So into the configurator to be faced with all those tough choices. Many of the base builds lack 2GB and the prices start notching up as I make those tempting choices. Not all models let me configure "no screen" and if I'm having a screen maybe I should get the posh graphics as well.

I finally settle on a bearable heuristic. I'll only get factory fitted upgrades where I haven't upgraded myself successfully in the past.

I end up with PC Duo 6550, 2GB (I've had problems with dodgy 1GB parts), the base graphics (because no-name GEF8600 will be cheap and good in a years time), the base HD (definitely getting NAS ....) And a screen, which was too good to give up for £80 and I will put on the PC upstairs to keep the less mad son happy until he gets his laptop.

All that choosing left me emotionally committed to the Dell. I matched it to an HP package from Morgan and found it close (screen to placate LMS with graphics upgrade option in the future vs. no screen, and better but obsolete graphics now; no media centre tuner remote & wireless vs.
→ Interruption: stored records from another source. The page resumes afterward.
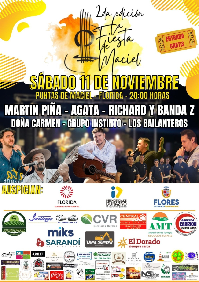 La 2da edición de la Fiesta Maciel se celebrará el sábado 11 de noviembre en Puntas de Maciel, Florida, y promete ser una noche llena de diversión y entretenimiento, con entrada gratuita y a beneficio de obras en ésa comunidad. La fiesta comenzará a las 20:00 horas y los asistentes podrán disfrutar de Martín Piña, Agata, Richard y Banda Z Doña Carmen, Grupo Instinto y Los Bailanteros.
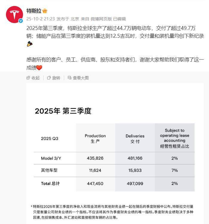 据特斯拉官方微博10月2日晚间消息,2025年第三季度,特斯拉全球生产了超过44.7万辆电动车,交付了超过49.7万辆。储能产品在第三季度的装机量达到12.5吉瓦时,交付量和装机量均创下新纪录。
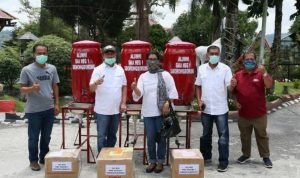 Tarutung, POL | Para alumni SMAN-1 Siborongborong memberi sumbangan berupa washtafel, berbagai alat pelindung diri (APD) dan vitaman kepada Pemkab Taput untuk diberikan kepada warga Taput.
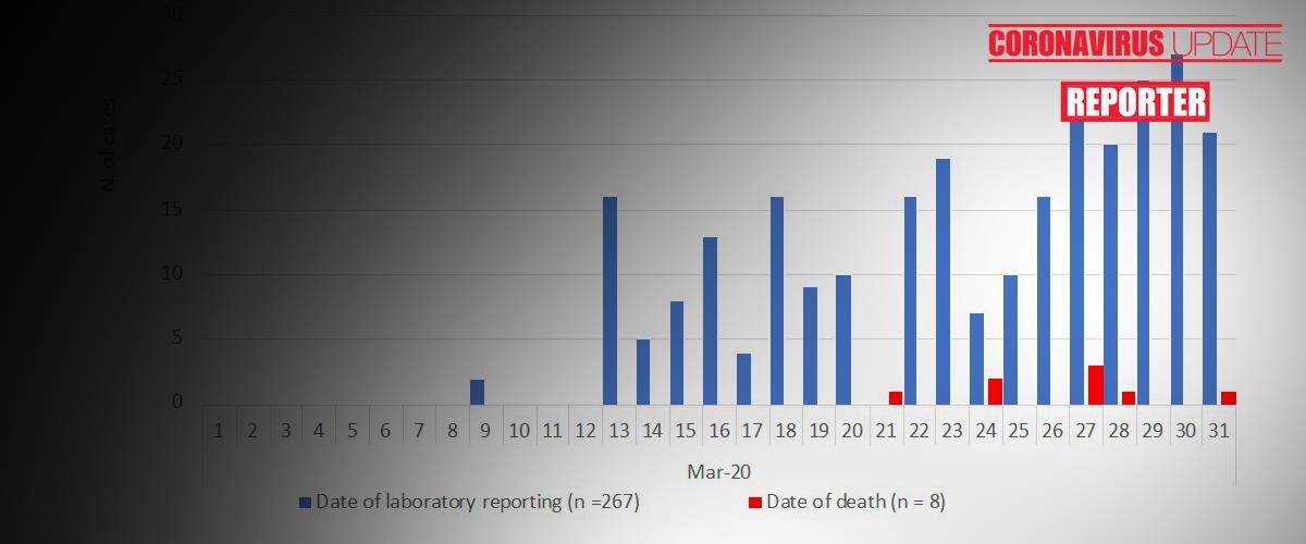 Στην έρευνα δεν περιλαμβάνονται τα 58 χθεσινά κρούσματα. Μέχρι την 31η Μαρτίου, είχαν αναφερθεί 267 εργαστηριακά επιβεβαιωμένες περιπτώσεις COVID-19 (συμπεριλαμβανομένων και τεσσάρων περιστατικών στις βρετανικές βάσεις). O χρόνος που μεσολαβεί από την έναρξη των συμπτωμάτων, μέχρι την ημερομηνία της δειγματοληψίας ήταν 4 μέρες (Ενδοτεταρτημοριακό εύρος: 2-7 ημέρες).
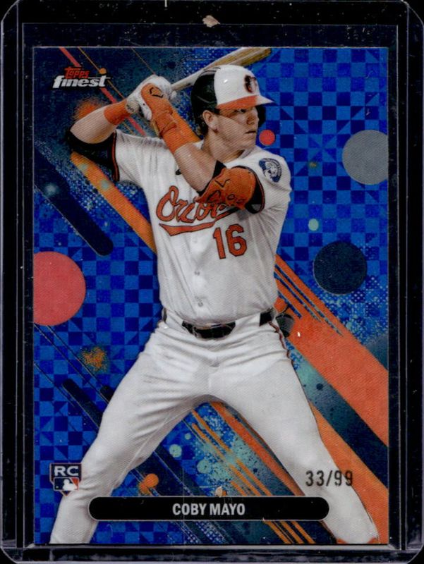The Coby Mayo 2025 Topps Finest #26 Base Common - Blue X-Fractor /99 Rookie card is 1 of 161 Coby Mayo's card variations in the 2025 Topps Finest set being tracked by Sports Card Investor, including Common, Rare, Uncommon, Common - Checkerboard Refractor, and Common - Refractor.
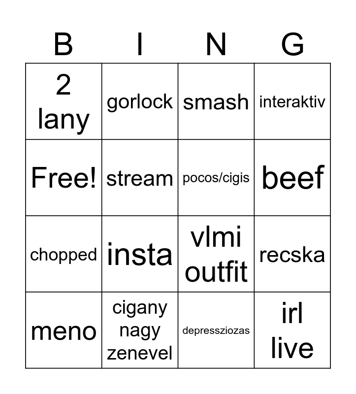 This bingo card has 16 words: cigany nagy zenevel, recska, smash, 2 lany, chopped, gorlock, vlmi outfit, depressziozas, Free!, stream, meno, interaktiv, insta, beef, pocos/cigis and irl live.
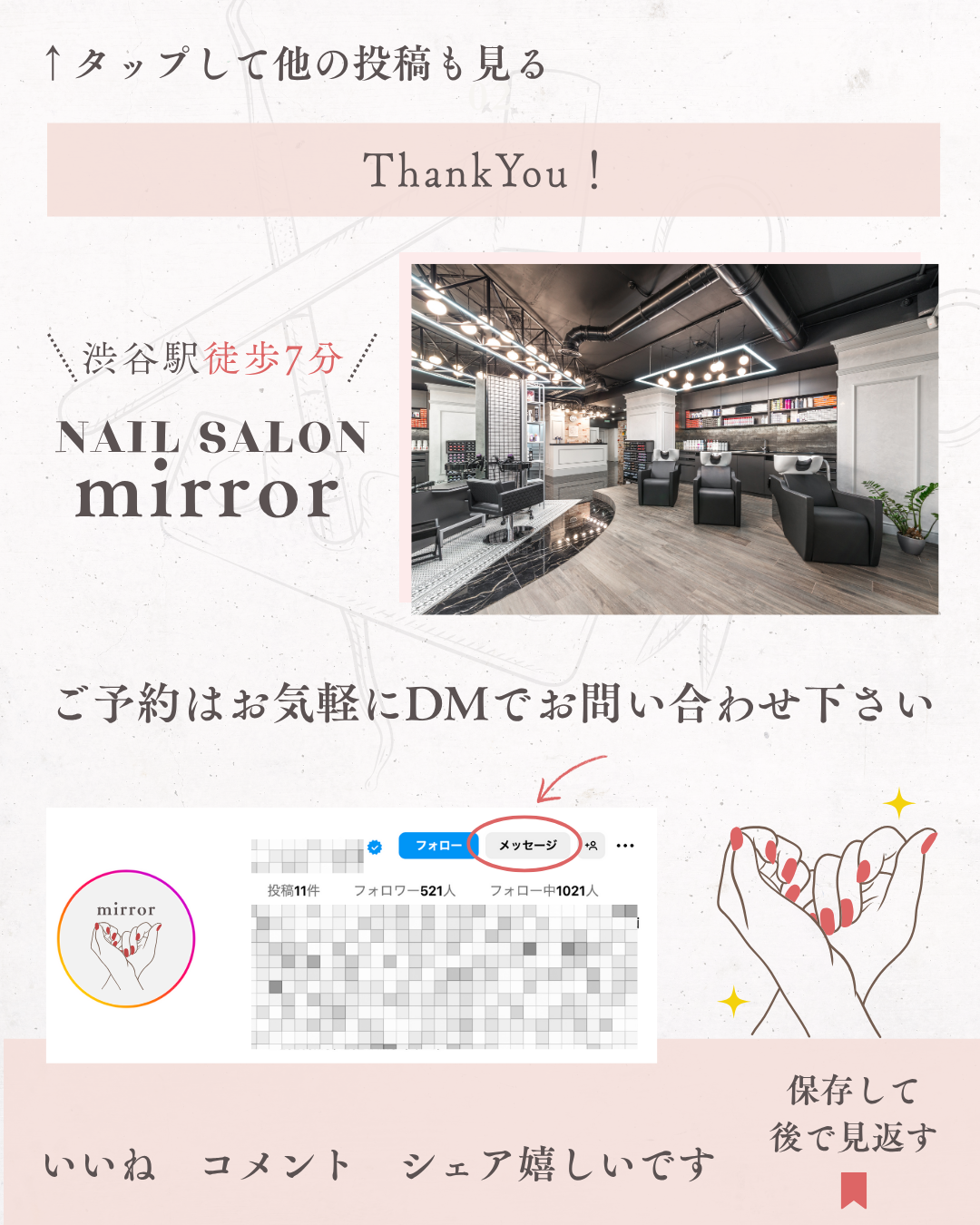 ・余計な装飾は抑えてシンプルなフォントを使用することで、春とネイルデザインを目立たせ、一目でどのような投稿なのか分かるようにしました。
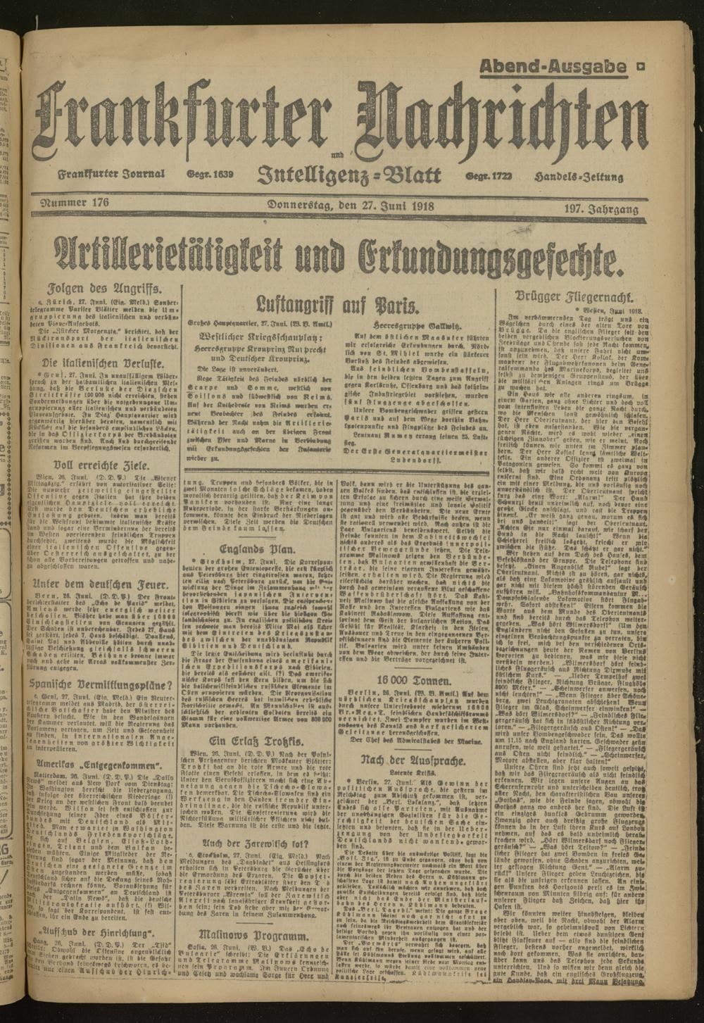 27.06.1918 Abend-Ausgabe = Nr. 176

XP pro and the confidence I wouldn't use that stuff; in stock vs two week delivery ouch) but a few pounds less.

So I bought the Dell. But it wasn't easy.

2007-10-26

Physical Insecurity

A frisson walking across the fields on my way home this evening -- that lively sound of bullets wheeling past my head. It wasn't a demented assassin emerging from my ugly past -- the faint red light gave it away as an incompetent lamper with a silenced rifle killing rabbits behind Forstal farm. He carried on firing as I walked out of danger even though I was shining my torch at his likely location. Once I'd got to the safety of the lane I walked along to find out what was going on, and encountered a man claiming to be Shay Harbour(?) He knew about the footpath, he said, and thought his line of fire would be OK.

Any more of that sort of thing, and I'm getting a 50mW green laser and a night vision scope -- after this shone down his bins he'd be hard put to tell up from down, let alone fire his weapon.

2007-03-27

Desperate for a Wii

(This is my entrant for "most peurile reference to a Nintendo gaming console 2007".)
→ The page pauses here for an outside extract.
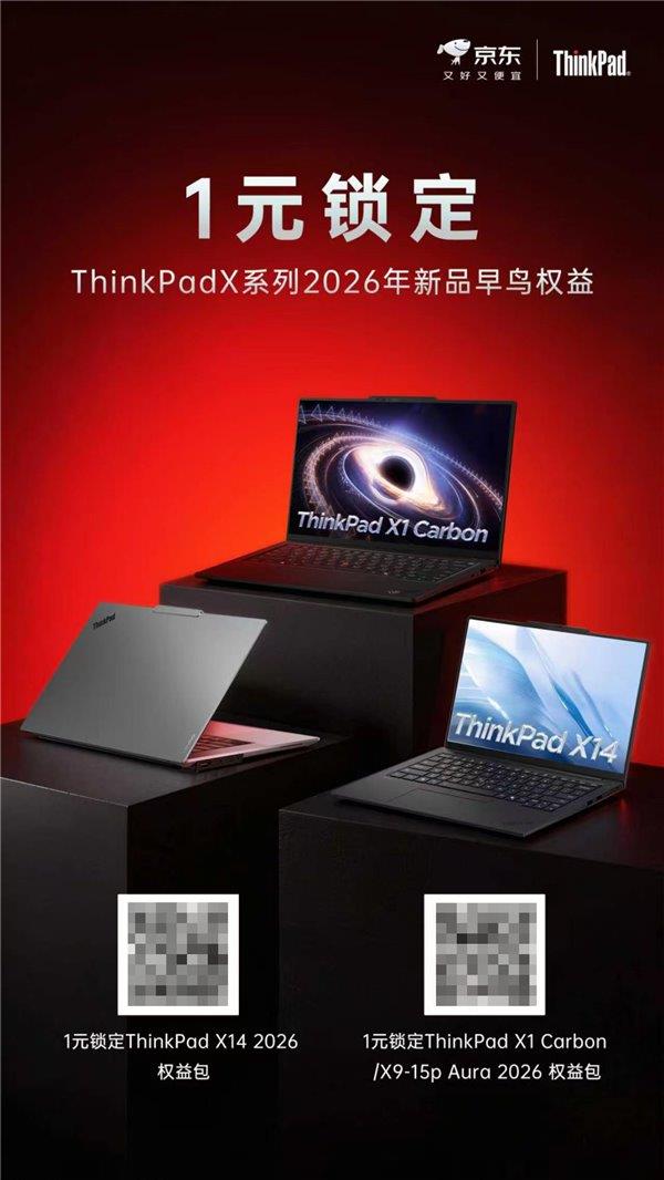 4月15日,京东正式开启ThinkPadX系列2026年新品预约。即日起至4月22日,消费者只需花费1元即可锁定早鸟权益包,购买ThinkPad X14 2026款,可获赠ThinkPad X系列纪念徽章冰箱贴,并享受2年意外保护延保服务;购买ThinkPad X1 Carbon或X9-15p Aura 2026款,可享1年意外保护延保服务,消费者可以第一时间通过京东抢先入手。

Now that the less mad son's eagerly desired birthday present has arrived from a reputable supplier (gamestation) I feel that it won't be tempting fate to describe what happens when you try and order from some other suppliers.

About ten days ago, Mrs U was desperately looking for a Wii. It launched months ago -- how could it possibly be in short supply now? The LMS was on a promise but there were none to be found with a fixed delivery date anywhere in the UK. Until she came across a site that magically was promising a five day delivery. Just time! So she shopped, waved her credit card, and waited.

No confirmation email: that's odd. Five days later, no Wii: that's a nightmare. Check the bank account: £2,500 debited by a restaurant in Surrey. Oooh.

Now I'm not naming the site because it's just possible that the cause of the trouble is actually this. But I don't think so.

The point to this sad story is that Mrs U is a competent shopper and competent security consumer. She declines to speak to the bank when they ring her up and ask her to confirm her identity. She knows what the padlock means. But as soon as she was a little bit needy, she was willing to deal with a site she'd never used before, without doing research that could have shown the slagging it got on Yahoo answers, she was willing to ignore the absence of a phone number, and she clicked straight through the warning from the self-signed certificate that was pointing to a "commerce" site hosted the Dear knows where. Education and common sense swept aside by need and "experience" of good shopping outcomes in the past.

It's worse for the restaurant: they've accepted a bad card without a PIN and that'll mean a monster charge back straight off their margin. Grief all round.

Education is supposed to be the key security tool, but it seems to me that the only education that works is to screw up.

2007-03-24

Limited User? Limited programmer if you ask me.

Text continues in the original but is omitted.